Los descubrimientos en el rancho de Teuchitlán deberían tenernos consternados, en luto nacional. Lo que ahí sucedió es una muestra de lo que está ocurriendo en varias partes del país; homicidios, desapariciones, exterminios colectivos, cementerios y fosas clandestinas parecen ya no conmovernos. En una sociedad en la que los crímenes y asesinatos se han convertido en parte del discurso cotidiano, donde las atrocidades –como los campos de exterminio– dejan de conmovernos, se gesta una crisis de valores que atenta contra la esencia misma de lo humano, particularmente en un contexto en el que las autoridades, en lugar de proteger el bien común, actúan como cómplices de la delincuencia, erosionando la confianza social y desdibujando el límite entre el bien y el mal.

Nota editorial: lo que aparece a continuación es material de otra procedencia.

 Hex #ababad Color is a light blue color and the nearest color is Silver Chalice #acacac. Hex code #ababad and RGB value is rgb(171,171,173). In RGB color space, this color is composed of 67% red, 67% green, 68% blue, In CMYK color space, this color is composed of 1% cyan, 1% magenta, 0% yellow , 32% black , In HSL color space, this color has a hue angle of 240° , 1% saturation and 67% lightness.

Cuando la sociedad se sumerge en el cinismo y la indiferencia, el horror deja de impactar; la sobreexposición a imágenes violentas y la trivialización del sufrimiento humano propician la “banalidad del mal”, término acuñado por la filósofa alemana Hannah Arendt para describir cómo lo extraordinario se vuelve rutinario en el actuar humano. Este fenómeno, lejos de ser fruto de una simple apatía, es el resultado de una sistemática desensibilización que afecta tanto a las personas como a las instituciones, permitiendo que actos aberrantes se naturalicen y se integren en el imaginario colectivo.

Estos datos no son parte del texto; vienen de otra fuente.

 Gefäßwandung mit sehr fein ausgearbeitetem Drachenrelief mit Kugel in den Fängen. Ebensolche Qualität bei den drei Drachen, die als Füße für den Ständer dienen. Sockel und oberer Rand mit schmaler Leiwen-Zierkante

Por su parte, la filosofía existencialista postula que el asombro y la admiración ante el misterio del ser constituyen pilares fundamentales de la experiencia vital. Sin embargo, en una sociedad saturada de violencia y corrupción, el asombro se ve sustituido por la resignación y el desencanto. El ser humano, en su afán por acostumbrarse al horror, pierde la facultad de cuestionar y de sentir, quedando atrapado en una espiral de indiferencia que anula la posibilidad de redescubrir la trascendencia y el sentido último de la vida.

No podemos dejar de mencionar como causa de este fenómeno la erosión de los vínculos éticos y la fragilidad del contrato social. Las autoridades, que en principio deberían representar el compromiso con la justicia y el orden, se han transformado en actores cómplices de un sistema que premia la impunidad. La figura presidencial saludando a la mamá del máximo capo, su exigencia de tratar a los delincuentes con respeto, la liberación de Ovidio y los “abrazos no balazos” fueron ejemplos claros de la falta de compromiso con la legalidad. Esta complicidad institucional ha profundizado la frustración de la sociedad, ya que el poder en lugar de encarnar el ideal del servicio público se ha rendido a las lógicas de corrupción y abuso, minando la fe del ciudadano en la posibilidad de un orden justo y equitativo.

En esta sombría realidad, se debe hacer una reflexión profunda sobre la necesidad de recuperar la dimensión ética y estética del asombro. La confrontación con la violencia y la corrupción debe servir como un llamado a revalorizar la capacidad de sentir y de cuestionar, pues solo a través del compromiso moral y el redescubrimiento del asombro es posible reconstruir los cimientos de una sociedad justa, restableciendo la confianza en la posibilidad de un orden basado en la dignidad humana.